Input for this task:
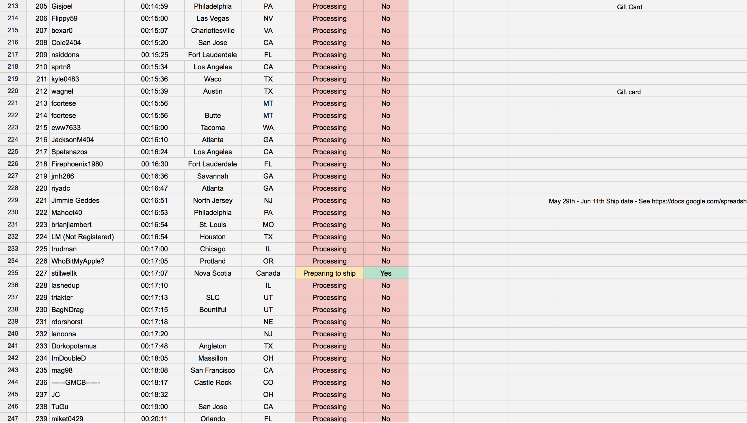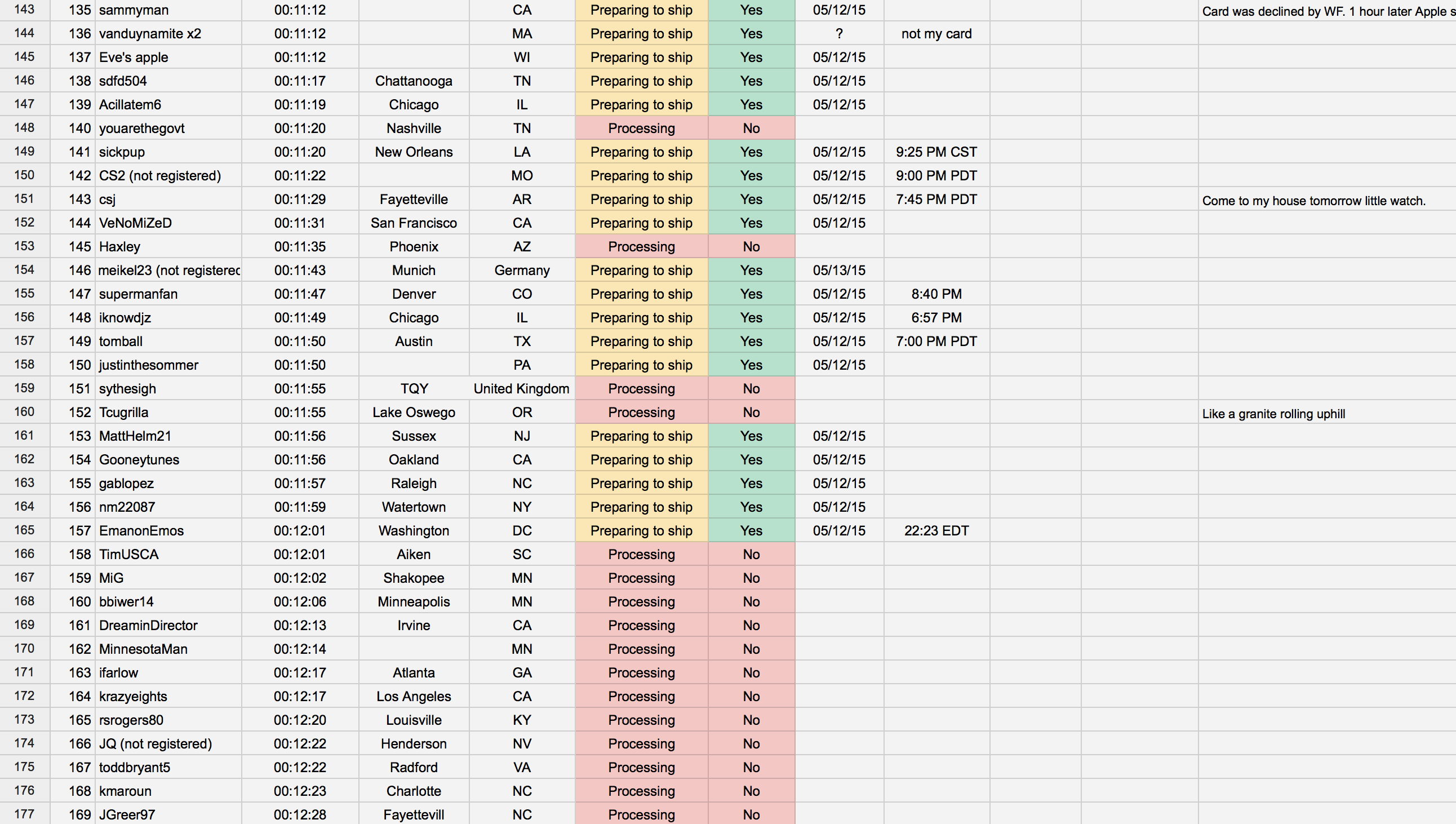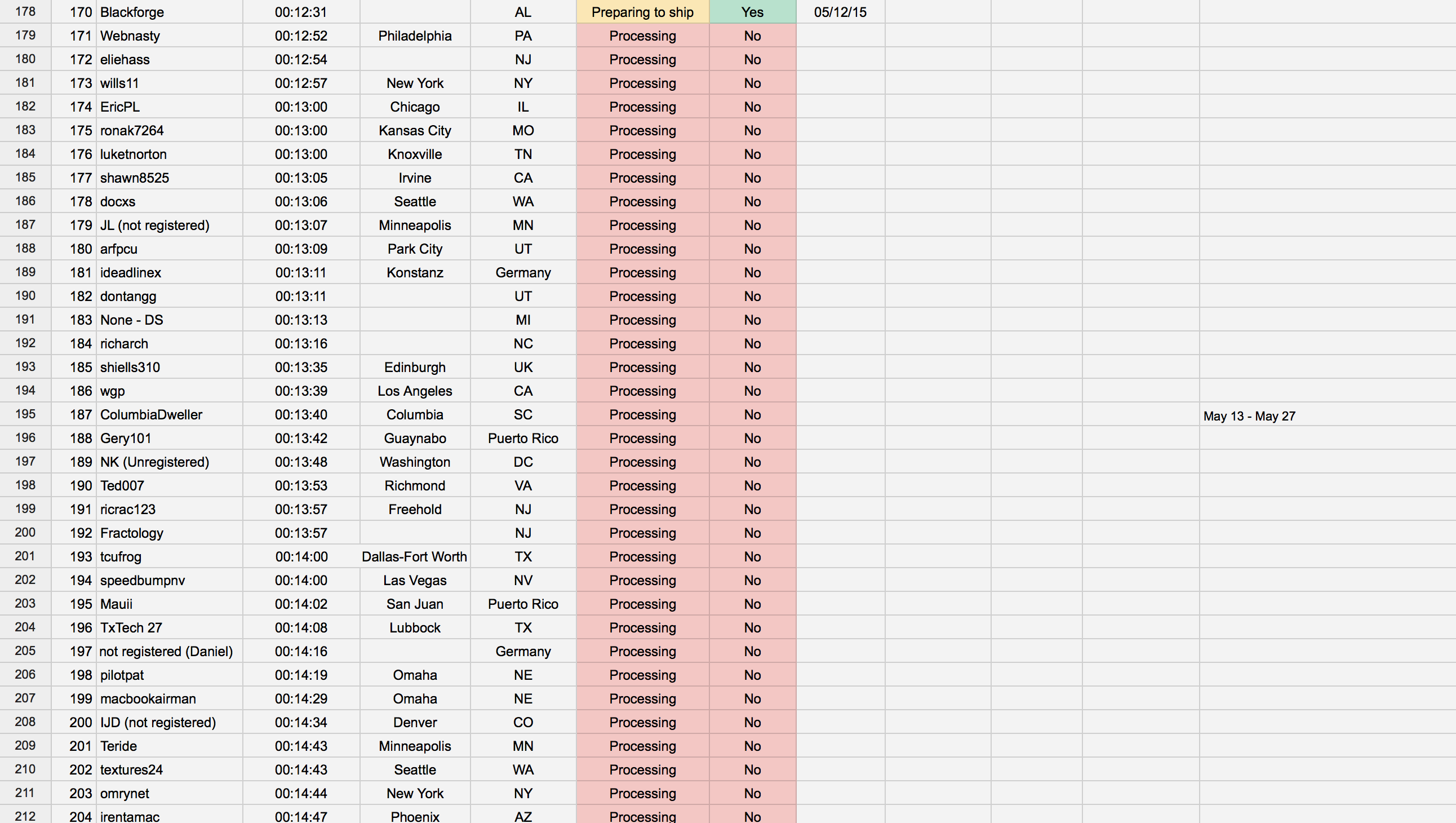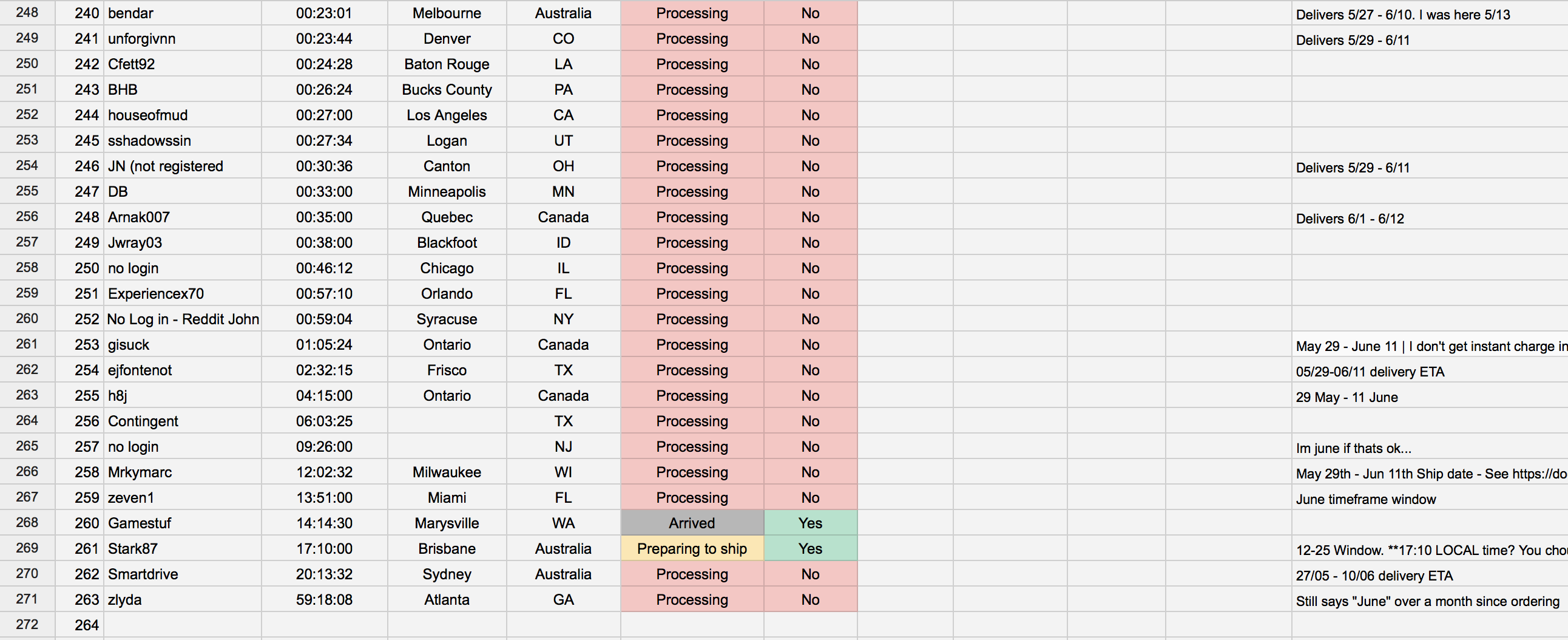 I posted it earlier this morning but since some of you may have missed it and with people sabotaging the google doc I figured it may be useful. Here's my own record of reported charges, I don't keep track of shipping times or anything, only days when people were charged. Last charges in US were ~11pm EST last night (May 12th).
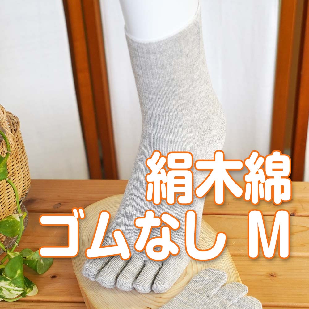 さっぱり快適5本指 絹+綿 天然素材 絹木綿 ゴムなし Mサイズ
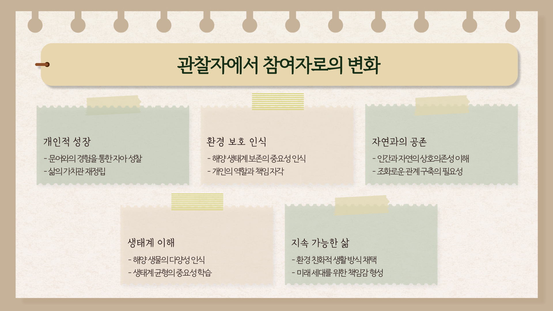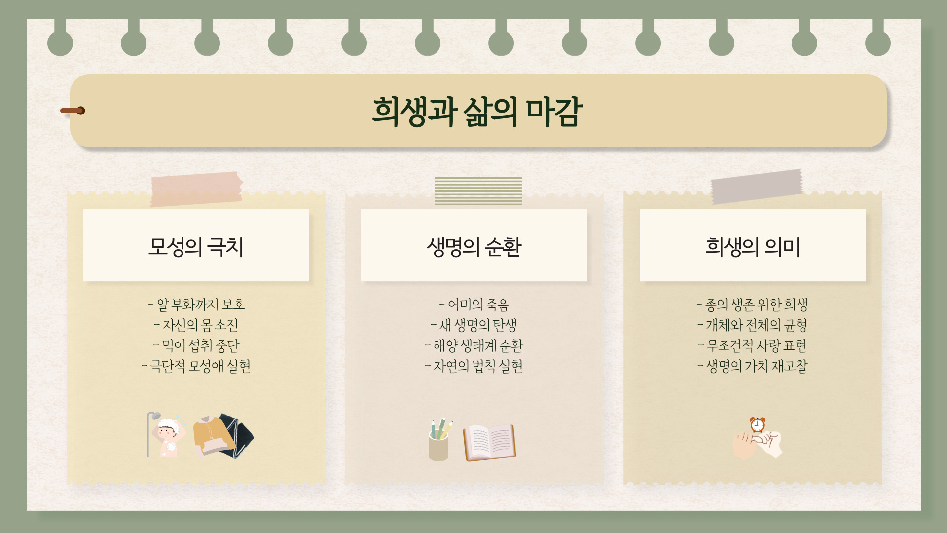 주제문: 문어의 생애를 지켜보며 나는 생명의 순환과 진정한 희생의 의미를 깨달았다.
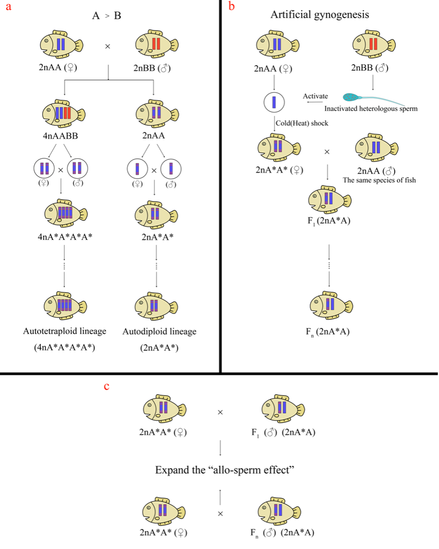 在微杂交的异精雌核发育育种途径中(图5b),精子来源于不同种的异源种类,其主要作用是激活卵子,而非完整地参与核基因组的形成。通过对精子进行遗传灭活处理,并通过冷休克或热休克制卵子的第二极体排出,可获得异精雌核发育二倍体后代。如果母本的性别决定类型属于同配(XX)型,其异精雌核发育后代通常表现为全雌性(XX型),这些后代的基因组来源于母本,但插入了父本的DNA片段,体现出微杂交效应。这种效应不仅具有可遗传性,还可通过相应的扩繁育种技术路线(图5c)在随后的世代中被进一步巩固和放大。
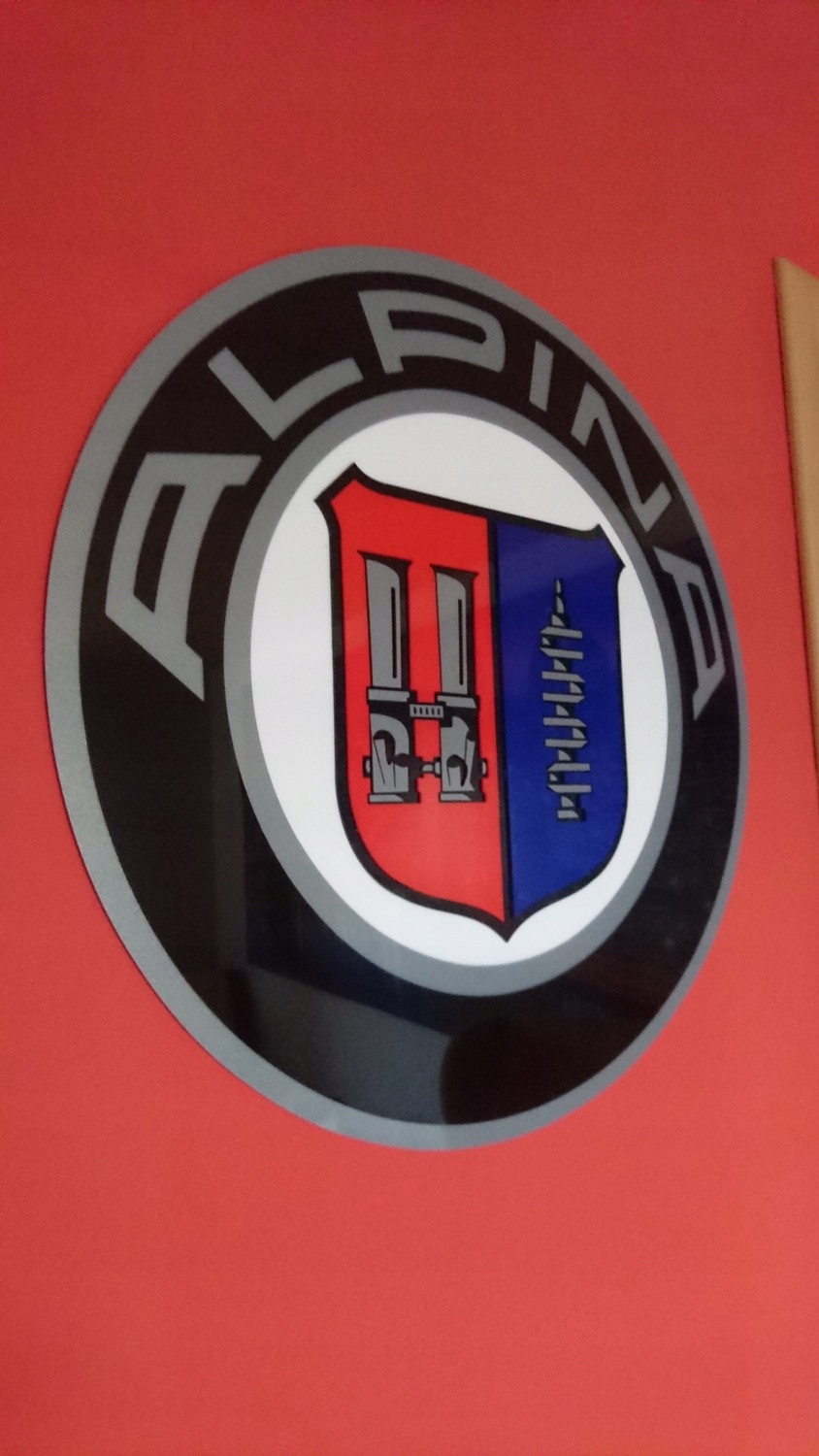 Логотип Alpina на стіні в подарунок до будинку в гаражі

How to complete this task:
An exact copy of every line above is needed, without the images.

Result:
 I posted it earlier this morning but since some of you may have missed it and with people sabotaging the google doc I figured it may be useful. Here's my own record of reported charges, I don't keep track of shipping times or anything, only days when people were charged. Last charges in US were ~11pm EST last night (May 12th).
 さっぱり快適5本指 絹+綿 天然素材 絹木綿 ゴムなし Mサイズ
 주제문: 문어의 생애를 지켜보며 나는 생명의 순환과 진정한 희생의 의미를 깨달았다.
 在微杂交的异精雌核发育育种途径中(图5b),精子来源于不同种的异源种类,其主要作用是激活卵子,而非完整地参与核基因组的形成。通过对精子进行遗传灭活处理,并通过冷休克或热休克制卵子的第二极体排出,可获得异精雌核发育二倍体后代。如果母本的性别决定类型属于同配(XX)型,其异精雌核发育后代通常表现为全雌性(XX型),这些后代的基因组来源于母本,但插入了父本的DNA片段,体现出微杂交效应。这种效应不仅具有可遗传性,还可通过相应的扩繁育种技术路线(图5c)在随后的世代中被进一步巩固和放大。
 Логотип Alpina на стіні в подарунок до будинку в гаражі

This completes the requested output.